Revelaciones divinas

Desde hace unos meses ese tema de la tauromaquia ha estado muy de moda. Sí, solo es eso: moda. De repente todos opinan, todos lo aman o todos lo odian. Es como con la política antes de las elecciones.

Tengo, como cualquiera, mis posturas respecto a estos temas, pero también respeto las contrarias (aunque muchas veces provoquen en mí un sentimiento de cólera que difícilmente logro contener). Y creo que es evidente que respecto al tema taurino, estoy totalmente en contra… de los que están en contra. Por diversas razones, pero la principal, la que la mayoría debate y pocos entienden: porque es un arte. Para quienes, con todo su derecho, quieren mandarme a volar con estas palabras, lo entiendo y no será la primera vez, pero creo que en esto –y muchos otros temas polémicos– hace falta que aprendamos a escuchar o leer con atención y respeto, para poder dejar a un lado nuestras ideas, los estereotipos y nuestras posturas “fijas” pero muchas veces poco fundamentadas.

Pasa como con los que son muy religiosos cuando dicen: “fue un milagro” o “fue una revelación”. Para mí el toreo y el flamenco fueron algo similar. Son cosas que por el contexto de tu comunidad, por la familia en la que creces, por el entorno en el que te desarrollas, por las habilidades y gustos que vas encontrando, por tus amistades… por las cuestiones que sean, se puede tener cierta atracción hacia el tema. Sin embargo, nada sale de lo común hasta que ese interés se profundiza después de una experiencia en concreto, y esas experiencias las he tenido en ambas cosas…

Recuerdo la primera vez que ví bailar a mi maestra de flamenco en una obra de teatro. No tenía más de dos meses que había empezado a tomar las clases con ella, me había gustado empezar con esa actividad, pero jamás pense que llegara a más. Entonces inexplicablemente, me di cuenta que entre el público y viéndola a ella bailar (que prácticamente apenas nos conocíamos) con un vestido con bata de cola rojo con lunares blancos, de repente empecé a llorar. A partir de ese instante supe que, directa o indirectamente, en mayor o menor intensidad, quería que el flamenco siempre fuera parte de mi vida. Ahora es una de mis mayores pasiones, me he ido hasta Sevilla a tomar un curso de verano (algo que jamás antes habían imaginado), y ella se ha convertido en una de mis mejores amigas, le he tomado un cariño y una admiración tremendos… Y, como quien dice, tiene bastante arte bailando, por algo la considero mi primera motivación.
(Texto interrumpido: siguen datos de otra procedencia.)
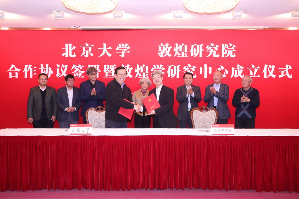10月23日下午,北京大學(xué)與敦煌研究院合作協(xié)議簽署暨敦煌學(xué)研究中心成立儀式在英杰交流中心月光廳舉行。北京大學(xué)校長郝平,北大校友、敦煌研究院名譽(yù)院長樊錦詩,敦煌研究院院長趙聲良,中華書局編審、中國敦煌吐魯番學(xué)會顧問柴劍虹,首都師范大學(xué)教授、中國敦煌吐魯番學(xué)會會長郝春文,各兄弟院校和北大相關(guān)職能部門、院系負(fù)責(zé)人參加成立儀式。儀式由北京大學(xué)副校長王博主持。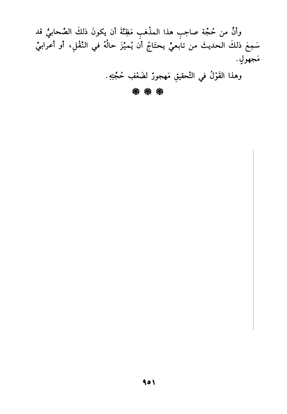 وأن من حجة صاحب هذا المذهب مظنة أن يكون ذلك الصحابي قد سمع ذلك الحديث من تابعي يحتاج أن يميز حاله في النقل، أو أعرابي مجهول.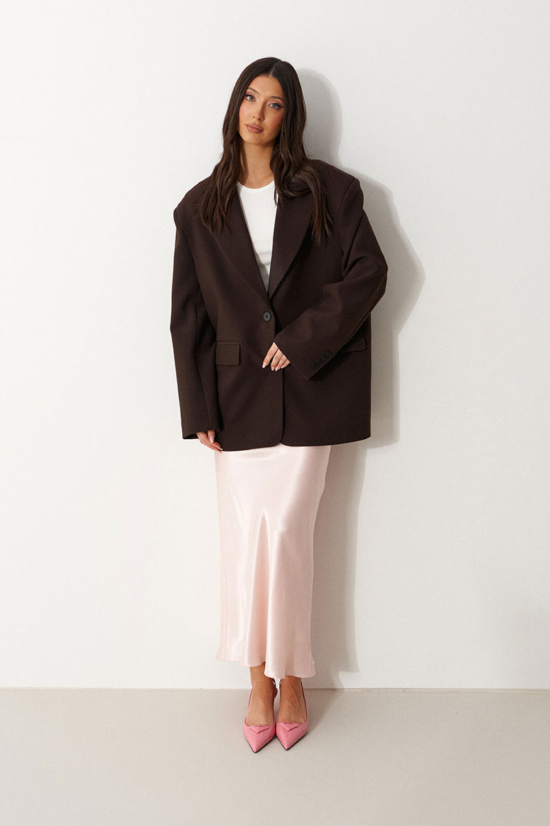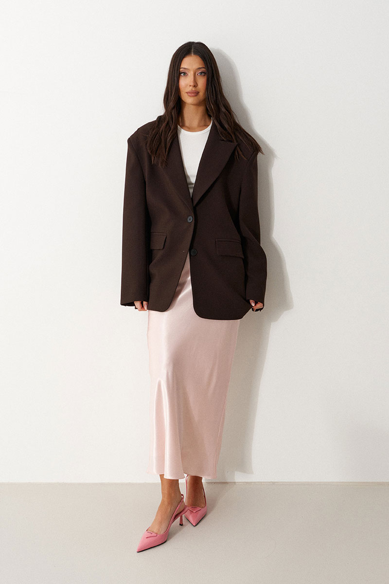 Юбка женская, длинная, покроена по косой. Выполнена из тонкого атласа в розовом оттенке. Характеристика: юбка на подкладке. Пояс цельнокроеный присборен на резинку. Низ обработан в подгибку с открытым срезом.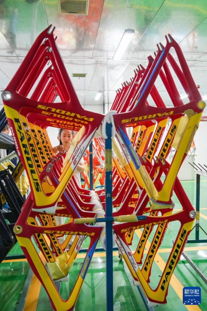 7月8日,在山东泰山瑞豹复合材料有限公司生产车间,工人在检测碳纤维自行车架。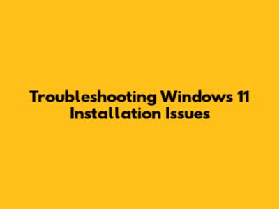 Troubleshooting Windows 11 Installation Issues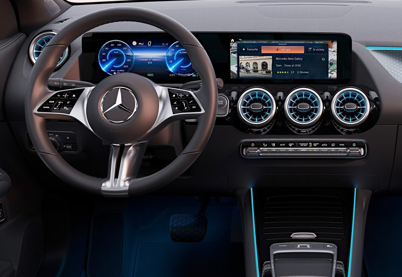 EQA에는 MBUX 인포테인먼트 시스템이 탑재되어 있어, 전기차 전용 내비게이션과 같은 특화된 기능을 지원합니다. 충전소 정보, 주행 가능 거리, 충전 옵션 등을 한눈에 볼 수 있으며, EQ 메뉴를 통해 에너지 흐름 및 소비를 확인할 수 있습니다.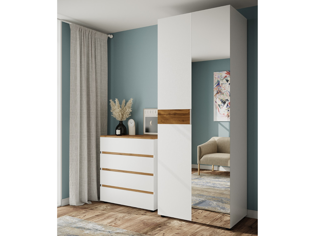 - Шкаф двухдверный 800 Лотос с зеркалом Дуб крафт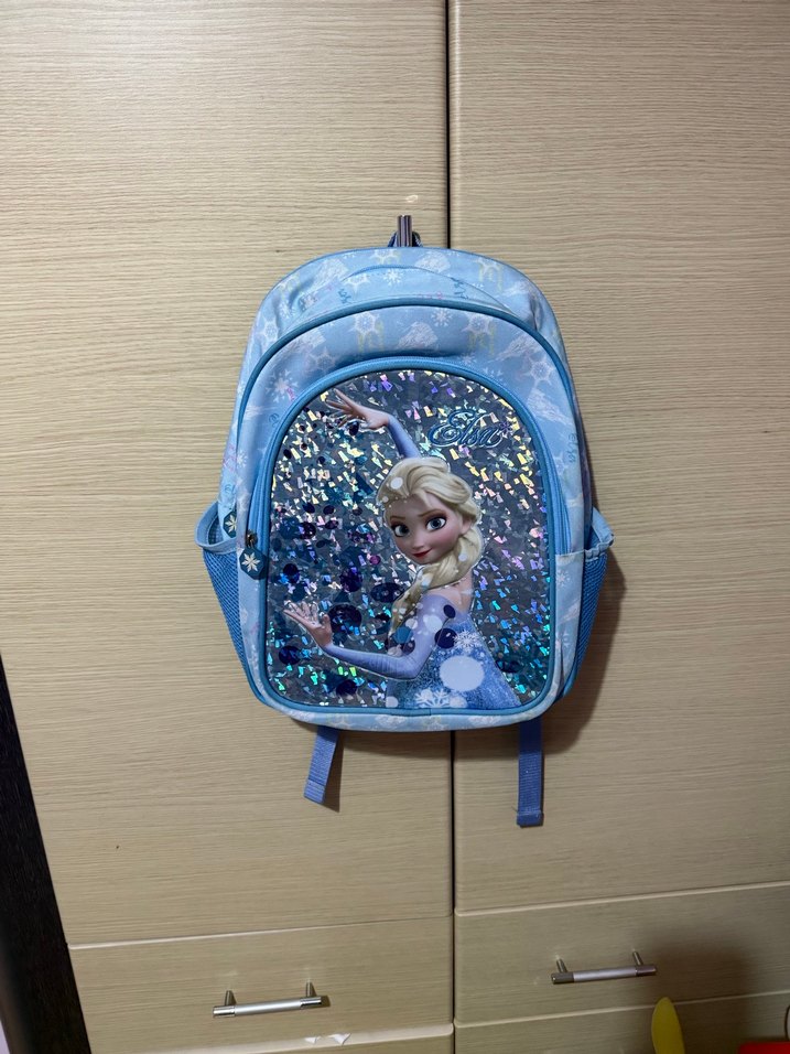 Pastel mavi çocuk sırt çantası, önünde parlak Frozen temalı cep bulunur. Ayarlanabilir askıları ve yan file cepleri vardır.

Después de eso claro que tuve momentos similares en ese ambiente… Otra maestra, quien además de bailar es cantaora, me enchinó más de una vez la piel con su cante jondo tan apasionado. Sus palabras en clase no intentaban corregir técnica, sino que tenían toda la intención de contagiar pasión. En Sevilla además hubo dos ocasiones en los que los guitarristas me mantuvieron prácticamente con piel de gallina durante el solo de guitarra completo. Son sensaciones increíbles. Esta fue una de ellas… se nota, ¿no?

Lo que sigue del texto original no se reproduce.